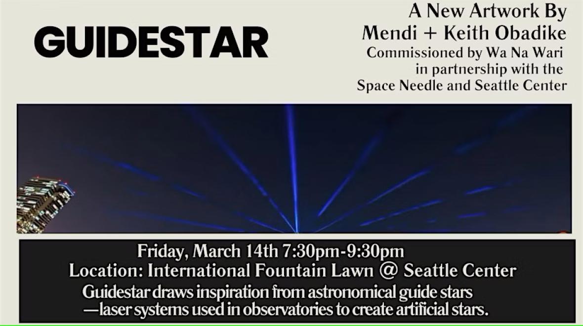 Wa Na Wari is thrilled to announce the debut of “GuideStar” an exciting new art installation at the Space Needle by New York-based artists Mendi + Keith. On Friday, March 14 at 7:30PM over 30 laser beams will shine from the top of the Space Needle for an evening of cosmic exploration and wonder.
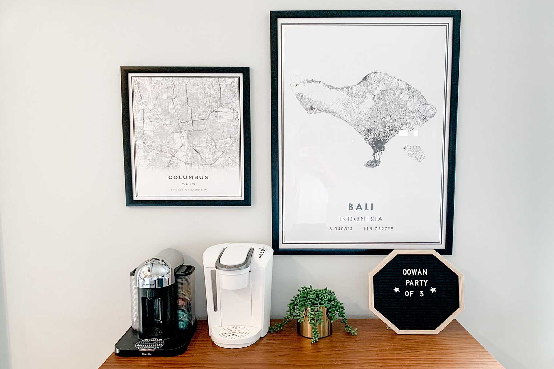 We decided to have custom maps made for our walls that speak to our story as a couple. We both are from Ohio, but our love grew in Columbus. This is our home, and we got married here. We also honeymooned in Bali, so that is a special place for us. Every time we see these pictures, it reminds us of the love that got us here.
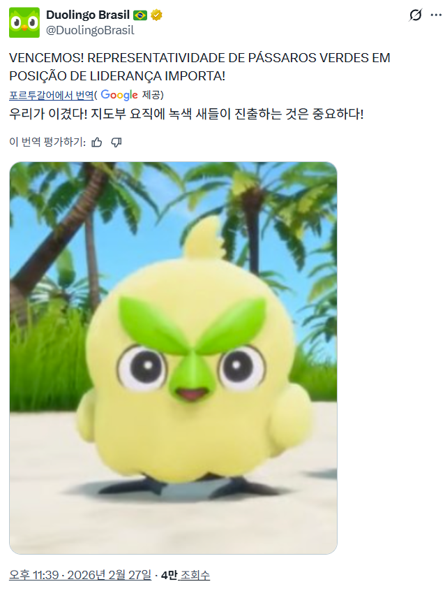 나도 보자마자 '왠 듀오링고가..' 이 생각했는데 역시 반응 했구나 ㅋㅋ
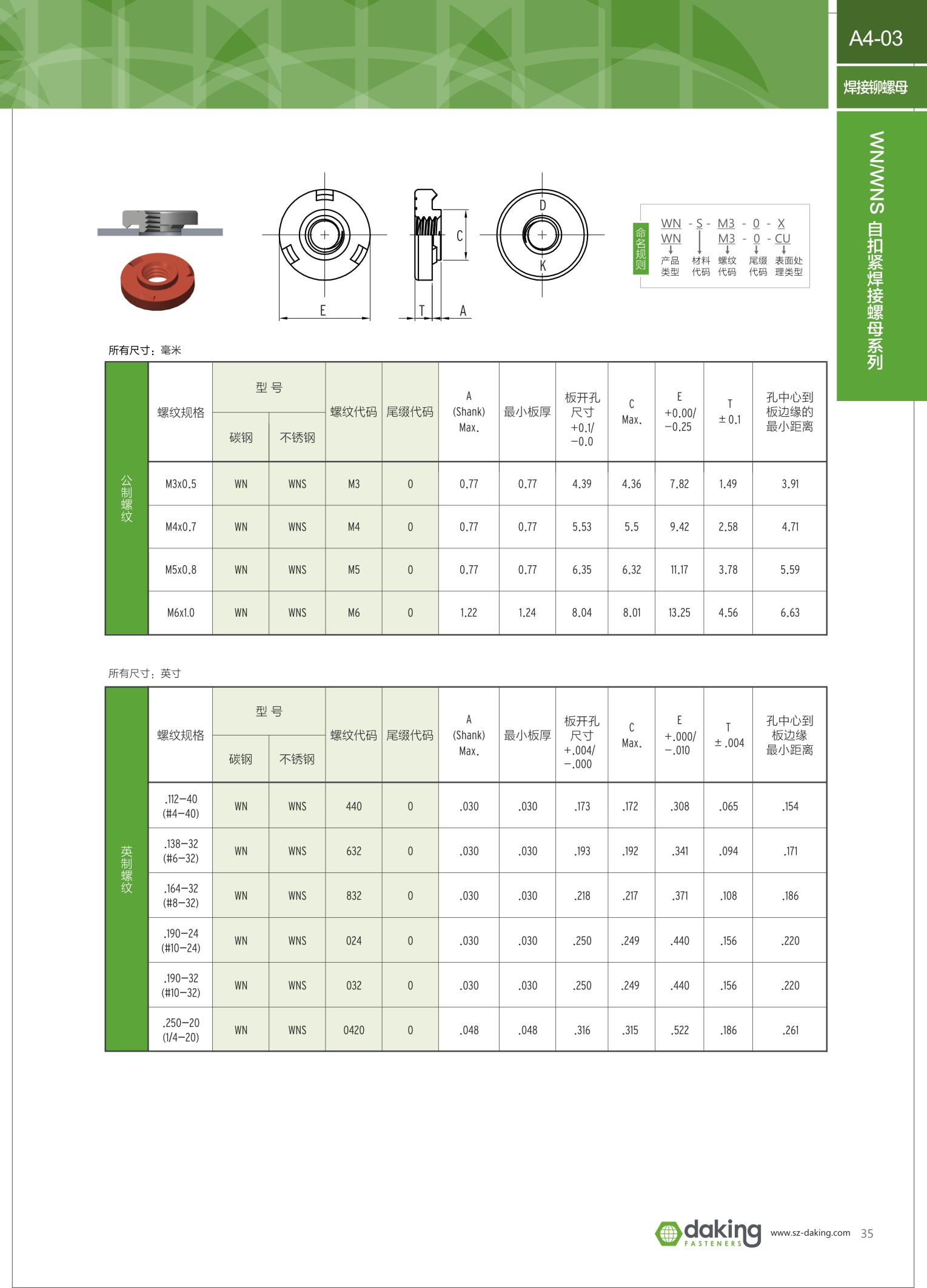 產(chǎn)品概述 自扣緊焊接螺母圓形外觀,一面和普通螺母一樣,另一面有三個(gè)焊點(diǎn)和一個(gè)凸臺(tái)。三個(gè)焊點(diǎn)用于焊接,凸臺(tái)用于定位。首先在母體上沖出定位孔,把螺母的凸臺(tái)定位在孔上面,然后使用點(diǎn)焊機(jī)把螺母焊接在母體上。自定位凸臺(tái)不僅正確定位螺母的位置,而且防止焊接飛濺,杜絕螺紋內(nèi)黏附焊渣。

→ **Task goal**
Repeat the material exactly, without images.

→ **Answer to the exercise**
 Wa Na Wari is thrilled to announce the debut of “GuideStar” an exciting new art installation at the Space Needle by New York-based artists Mendi + Keith. On Friday, March 14 at 7:30PM over 30 laser beams will shine from the top of the Space Needle for an evening of cosmic exploration and wonder.
 We decided to have custom maps made for our walls that speak to our story as a couple. We both are from Ohio, but our love grew in Columbus. This is our home, and we got married here. We also honeymooned in Bali, so that is a special place for us. Every time we see these pictures, it reminds us of the love that got us here.
 나도 보자마자 '왠 듀오링고가..' 이 생각했는데 역시 반응 했구나 ㅋㅋ
 產(chǎn)品概述 自扣緊焊接螺母圓形外觀,一面和普通螺母一樣,另一面有三個(gè)焊點(diǎn)和一個(gè)凸臺(tái)。三個(gè)焊點(diǎn)用于焊接,凸臺(tái)用于定位。首先在母體上沖出定位孔,把螺母的凸臺(tái)定位在孔上面,然后使用點(diǎn)焊機(jī)把螺母焊接在母體上。自定位凸臺(tái)不僅正確定位螺母的位置,而且防止焊接飛濺,杜絕螺紋內(nèi)黏附焊渣。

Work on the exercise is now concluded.